Gen sobbed and let me go. I ran to Nigan and pressed my face into the strong column of his neck. He freed my hair from its cap. It fluttered to the ground. “Mon amour,” he spoke against my ear.
I put his hand over my stomach. “Bébé.” I felt his grin, the one I fell in love with. “Es-tu heureux?” I asked. Are you happy?
“Oui.”
I pulled his head down and kissed him, not caring if Gen would see. I poured my love for him in every sip and thrust and pressed my tender breasts against his hard, honed chest, only lifting my mouth to drag air into my lungs.
“Lise?” Gen cried out. Her tone was urgent, the same as it was when we discovered our maman and papa had died. “J’entends des gens.” I hear people.
Nigan pulled me behind him. He had no long gun, only his bow and arrows. I stood close, shivering in the summer heat.
My true mate, my heart, stepped away from me and picked up his knife. The other Natives descended like flies on deer flesh. Why? I hid behind the oak. The arrow pierced my beloved’s neck. His red life force spurted. He fell. I dragged him behind the tree and held him until he stopped drawing breath.
My sister found me. Several had to take him from me. A couple of nights later, the baby inside me left my body. I did not take food or speak until I begged a medicine woman from Nigan’s tribe to hear my plea. She agreed to meet me in the glade.
“I ask the sun, moon, and the earth that sustains us to release me from this crushing ache inside my heart,” I told her.
When she left, I shut my eyes and fell into a slumber so deep, I sank into the earth where Nigan had last drawn breath. My spirit ebbed from my body. I sank hard and deep into the roots of the white oak. I was joyously encased within the branches—finally free of pain.
***
Anneliese
Present Day (2040)
My mouth was dry, and not just because I was in a human body again. My female parts throbbed in desire just looking at the man through the wild lilac bushes. And I couldn’t even see his face. He turned away from me. His body looked strong. He moved with grace and agility. He had to be rich from the cut of his clothes.

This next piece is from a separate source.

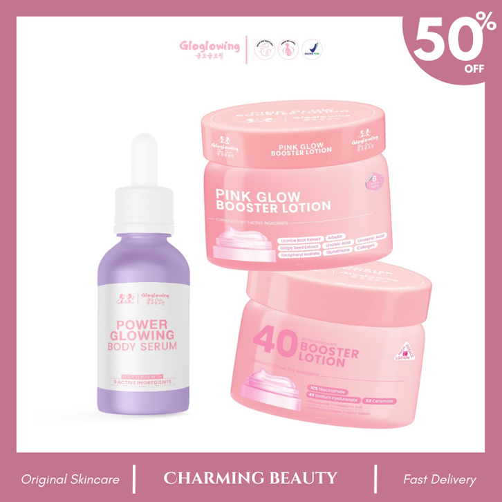 [Mall] GLOGLOWING OFFICIAL Paket Body Care 3 item Lotion Siang Malam Body Serum 40 Active Pink Glow Power Glowing

He meant to destroy the white oak and white pine forest, everything that I loved and belonged to.
It was true, all of Kiera the Celt’s wild tales about Green Man—Grenmann—and the fairy realm. Isolde, the fairy queen, pointed to the man. He moved like Nigan. Desire, sharp as arrows, boiled low in my spine, tightening my core as if my body knew him.
“Focus!” Isolde scolded me in the language of the fairy realm I had come to know. My French words had faded as I’d settled joyfully into my roots and branches and into the rhythms of the glade for centuries. “You have only five days,” she said, softening her tone. The man attached a sign that said Rezoning to the massive oak tree that my tree-spirit soul had inhabited for hundreds of earth revolutions. For now, I was a tree spirit in a human body. No, nothing strange was happening….
Isolde, the fairy queen, took my hands in hers, her face etched in concern. She was as beautiful as the dawn with dark skin and eyes, lush red lips, and hair the same brown as willow bark. “Dearest Anneliese, you are gentle and kind. I’m not sure you can do battle with him or be strong enough to stop him. And you had an…attachment to him when you both last walked the earth. Yet, this is the only way.”
“Attachment?” So that explained it.
“When you last walked the earth, he and you were together in this place. He was killed before you could be his mate in the eyes of his people. He was skilled in trapping fur for the trading outpost where you and your husband once lived. Your husband by law was not good. You longed for the other man, carried his baby for a short time. Best not to revive that attachment, or become attached to humans again at all.”
I knew what happened before when I watched someone I loved more than my life die. “You said I have only five days,” I said. “What happens after that?”
“You will be trapped in this body. And he will desecrate our sacred trees.”
“A tree spirit trapped in a human body forever?” I looked down. “How unpleasant.” Had this happened to other tree spirits? I took stock of my form. I had pale skin and was slender with curves. My hair was different than before. It was lighter and hung just past my shoulders. I stood taller than Isolde.
“How did this happen? Why am I in this body?”
Isolde glanced at Grenmann. He nodded. “Another lost soul, trapped in her grief, begged to be released, as you did. Her beloved parents and brother were killed. She had no one else.” She shuddered. “It was a horrific accident. She was granted her petition, as you were. Her spirit will heal in time, and she lives joyously in nature, as you did. It will take hundreds of earth rotations, as it did for you.”
“Won’t the humans who knew her know that something is amiss?” I asked.
“No. She had no one,” Isolde said. “She found her way somehow to this glade.”
I took a step toward the man. The wind gusted cold against my soft human skin.
“Wait, my child!” a low voice rumbled through the trees. It was Grenmann, the ancient tree spirit, guardian of the forest. “You will need clothes, and money.”
“And lessons in language, and, well, everything,” Isolde said.